## Assignment
Please filter the entries for the word "with" and copy every line that has it.

## Data section

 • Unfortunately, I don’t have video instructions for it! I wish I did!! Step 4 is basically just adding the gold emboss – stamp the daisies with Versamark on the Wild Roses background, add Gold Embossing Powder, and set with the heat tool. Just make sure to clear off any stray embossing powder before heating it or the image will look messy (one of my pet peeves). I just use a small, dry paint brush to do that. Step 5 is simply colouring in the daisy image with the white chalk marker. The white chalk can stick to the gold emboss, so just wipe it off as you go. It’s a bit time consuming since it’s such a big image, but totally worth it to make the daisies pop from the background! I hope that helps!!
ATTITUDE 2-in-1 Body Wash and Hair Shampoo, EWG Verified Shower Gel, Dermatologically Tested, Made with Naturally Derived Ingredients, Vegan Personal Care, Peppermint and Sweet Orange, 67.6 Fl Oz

...

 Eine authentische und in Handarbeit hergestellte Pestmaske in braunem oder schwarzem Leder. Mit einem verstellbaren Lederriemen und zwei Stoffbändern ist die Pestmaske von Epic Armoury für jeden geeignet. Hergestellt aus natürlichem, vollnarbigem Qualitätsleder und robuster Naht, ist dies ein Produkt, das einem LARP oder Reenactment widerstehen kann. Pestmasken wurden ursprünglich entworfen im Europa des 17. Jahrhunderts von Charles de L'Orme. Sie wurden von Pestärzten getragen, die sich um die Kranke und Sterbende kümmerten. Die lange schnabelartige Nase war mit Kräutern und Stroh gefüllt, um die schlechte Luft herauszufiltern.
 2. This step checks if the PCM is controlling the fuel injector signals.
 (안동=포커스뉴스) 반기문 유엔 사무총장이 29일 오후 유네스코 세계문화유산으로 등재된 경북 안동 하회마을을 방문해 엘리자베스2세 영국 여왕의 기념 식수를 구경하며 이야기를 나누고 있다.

* * *

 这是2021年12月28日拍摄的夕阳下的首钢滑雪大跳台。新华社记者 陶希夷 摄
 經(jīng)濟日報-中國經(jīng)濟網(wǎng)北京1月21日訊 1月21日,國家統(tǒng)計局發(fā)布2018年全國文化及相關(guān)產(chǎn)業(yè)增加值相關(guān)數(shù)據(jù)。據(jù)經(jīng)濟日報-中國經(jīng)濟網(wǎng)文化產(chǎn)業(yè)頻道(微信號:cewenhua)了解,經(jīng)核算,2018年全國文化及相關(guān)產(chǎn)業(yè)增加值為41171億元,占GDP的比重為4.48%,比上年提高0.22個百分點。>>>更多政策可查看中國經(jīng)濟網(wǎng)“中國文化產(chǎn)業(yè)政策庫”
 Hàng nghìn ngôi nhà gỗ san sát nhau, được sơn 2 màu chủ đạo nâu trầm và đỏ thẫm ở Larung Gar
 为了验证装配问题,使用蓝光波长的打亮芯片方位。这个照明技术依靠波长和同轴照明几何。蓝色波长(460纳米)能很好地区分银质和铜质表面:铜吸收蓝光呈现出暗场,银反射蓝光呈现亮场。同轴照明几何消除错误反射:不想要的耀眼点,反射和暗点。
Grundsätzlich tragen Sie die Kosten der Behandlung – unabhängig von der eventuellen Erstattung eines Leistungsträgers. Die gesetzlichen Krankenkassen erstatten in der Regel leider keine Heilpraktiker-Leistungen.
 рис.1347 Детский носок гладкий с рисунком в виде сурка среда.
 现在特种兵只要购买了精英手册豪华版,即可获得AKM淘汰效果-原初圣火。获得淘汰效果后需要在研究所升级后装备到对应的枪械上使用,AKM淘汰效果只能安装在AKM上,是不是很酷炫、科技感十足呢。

## Answer space
 • Unfortunately, I don’t have video instructions for it! I wish I did!! Step 4 is basically just adding the gold emboss – stamp the daisies with Versamark on the Wild Roses background, add Gold Embossing Powder, and set with the heat tool. Just make sure to clear off any stray embossing powder before heating it or the image will look messy (one of my pet peeves). I just use a small, dry paint brush to do that. Step 5 is simply colouring in the daisy image with the white chalk marker. The white chalk can stick to the gold emboss, so just wipe it off as you go. It’s a bit time consuming since it’s such a big image, but totally worth it to make the daisies pop from the background! I hope that helps!!
ATTITUDE 2-in-1 Body Wash and Hair Shampoo, EWG Verified Shower Gel, Dermatologically Tested, Made with Naturally Derived Ingredients, Vegan Personal Care, Peppermint and Sweet Orange, 67.6 Fl Oz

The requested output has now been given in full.